In agreement with the physiological interpretation above, the TM group has a less flexible or dynamic muscle tissue as a consequence of exercise and pain provocation. As briefly referred in the introduction, several studies indicate morphological, biochemical, and neuromuscular alterations in chronic trapezius myalgia when compared to healthy controls. The morphological alterations, such as increased prevalence of RR-fibres, are less likely as direct explanations to decrease strain. If such changes were important for strain and strain rate, then a lower strain would reasonably have been observed before pain provocation. This was not the case, however.

Based on studies using microdialysis of the trapezius, our group has reported that patients with chronic work-related trapezius myalgia have increased interstitial concentrations of potassium, serotonin, lactate, pyruvate, and glutamate at rest [9, 10]. The interstitial concentrations of these substances also increase during brief exercise associated with a significant increase in pain intensity. One possible explanation could be that these concentrations are so high, even though exercise hyperaemia, that they directly affect the mechanical properties of the active muscle fibres.

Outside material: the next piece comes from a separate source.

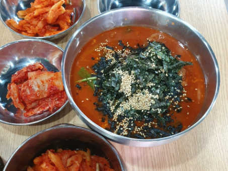 그리고 얼큰순두부도 맛보았는데, 사이즈는 작지만 국물 맛이 깔끔하고 기름기 없이 맛있었어요. 여기에 된장 비지찌개도 나오는데, 이 찌개도 의외로 맛있어서 밥 한 공기를 금세 해치웠답니다.
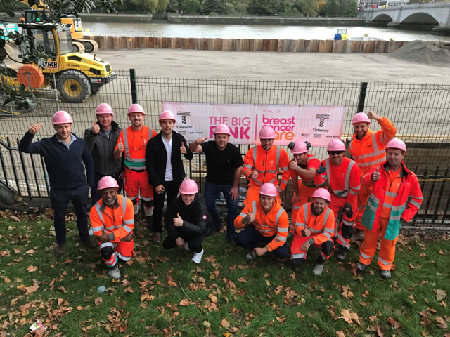 More than 150 Members of the Tideway construction team in West London donned pink hard hats for the cause, expecting to raise at least £1,000.

A third explanation is related to altered neuromuscular control due to increased pain as a consequence of exercise. Le Pera et al. [44] describe how motor control mechanisms are affected by muscle pain by way of reflex and central mechanisms. Experimental studies modulating the noxious system also demonstrate altered responses to acute pain due to injections of algogenic substances, mechanical pressure, ischemia, and electrical stimulation [45, 46]. Injecting hypertonic saline into the upper trapezius muscle resulted in a decreased EMG activity both during static [46, 47] and dynamic tasks [48]. Acute pain can result in reorganization among trapezius muscle subdivisions during repetitive shoulder flexions [49]. Changes in the pattern of coordination during parts of the contraction cycle have been shown during dynamic activities in patients with chronic pain [13–16]. Although differences have been observed at a group level, it is obvious that not all patients have altered coordination patterns in the trapezius muscle [50], which is interesting with respect to the fact that we found a certain blend between controls and TM. The studies are in reasonable agreement with the pain-adaptation model [51, 52]. This model states that a decrease in agonist muscle activity and increase in antagonist muscle activity is a consequence of pain. Hence the decreased strain and unchanged strain rate in TM could be a consequence of such an altered neuromuscular control resulting in a less activated trapezius as a consequence of the increasing pain due to exercise. Another contributing factor in this respect could be a hyper-sensitised pain system (i.e., central sensitization and/or decreased descending control) as a consequence of plastic changes in the pain system due to nociceptive impulses of long duration in TM.